**AIM OF THE EXERCISE**
Lines to restate from the data below: from the one containing "Our unique product" to the one containing "チェックインカウンターは出発", both included. Give them again exactly, and only them.

**INFORMATION SUPPLIED**
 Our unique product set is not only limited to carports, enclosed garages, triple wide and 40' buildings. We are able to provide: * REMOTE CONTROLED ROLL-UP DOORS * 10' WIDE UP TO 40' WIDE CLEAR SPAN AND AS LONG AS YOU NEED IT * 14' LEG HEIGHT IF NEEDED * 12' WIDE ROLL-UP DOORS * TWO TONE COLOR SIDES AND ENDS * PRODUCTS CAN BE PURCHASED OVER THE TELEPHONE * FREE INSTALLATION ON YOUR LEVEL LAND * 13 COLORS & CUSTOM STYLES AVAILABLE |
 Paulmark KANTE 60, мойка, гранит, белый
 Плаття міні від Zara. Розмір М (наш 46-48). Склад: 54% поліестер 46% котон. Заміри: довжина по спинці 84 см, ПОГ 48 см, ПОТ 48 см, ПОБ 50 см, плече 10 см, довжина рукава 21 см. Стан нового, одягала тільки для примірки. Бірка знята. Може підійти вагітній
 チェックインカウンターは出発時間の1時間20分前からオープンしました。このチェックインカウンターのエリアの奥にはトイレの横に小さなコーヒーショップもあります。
==
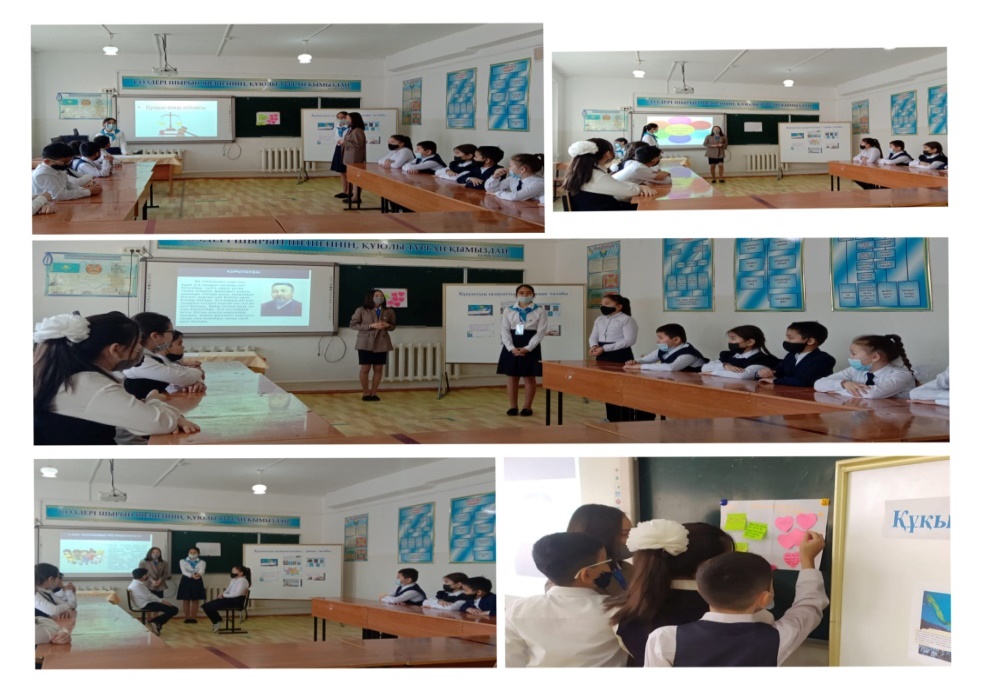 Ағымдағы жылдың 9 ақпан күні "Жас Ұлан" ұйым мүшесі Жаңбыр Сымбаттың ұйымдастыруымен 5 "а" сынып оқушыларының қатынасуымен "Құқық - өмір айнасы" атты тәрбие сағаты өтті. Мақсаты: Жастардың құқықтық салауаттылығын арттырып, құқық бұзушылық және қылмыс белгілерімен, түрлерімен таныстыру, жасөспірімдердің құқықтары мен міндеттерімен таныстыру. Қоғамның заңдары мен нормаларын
--
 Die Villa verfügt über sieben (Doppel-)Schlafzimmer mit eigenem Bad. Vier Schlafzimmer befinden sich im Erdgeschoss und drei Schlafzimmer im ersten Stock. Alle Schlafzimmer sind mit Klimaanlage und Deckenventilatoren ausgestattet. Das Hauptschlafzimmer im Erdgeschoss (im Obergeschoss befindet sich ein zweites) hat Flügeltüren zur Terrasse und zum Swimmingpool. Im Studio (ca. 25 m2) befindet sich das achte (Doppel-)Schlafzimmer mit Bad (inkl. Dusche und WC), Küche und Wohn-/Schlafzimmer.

**TASK ANSWER**
 Our unique product set is not only limited to carports, enclosed garages, triple wide and 40' buildings. We are able to provide: * REMOTE CONTROLED ROLL-UP DOORS * 10' WIDE UP TO 40' WIDE CLEAR SPAN AND AS LONG AS YOU NEED IT * 14' LEG HEIGHT IF NEEDED * 12' WIDE ROLL-UP DOORS * TWO TONE COLOR SIDES AND ENDS * PRODUCTS CAN BE PURCHASED OVER THE TELEPHONE * FREE INSTALLATION ON YOUR LEVEL LAND * 13 COLORS & CUSTOM STYLES AVAILABLE |
 Paulmark KANTE 60, мойка, гранит, белый
 Плаття міні від Zara. Розмір М (наш 46-48). Склад: 54% поліестер 46% котон. Заміри: довжина по спинці 84 см, ПОГ 48 см, ПОТ 48 см, ПОБ 50 см, плече 10 см, довжина рукава 21 см. Стан нового, одягала тільки для примірки. Бірка знята. Може підійти вагітній
 チェックインカウンターは出発時間の1時間20分前からオープンしました。このチェックインカウンターのエリアの奥にはトイレの横に小さなコーヒーショップもあります。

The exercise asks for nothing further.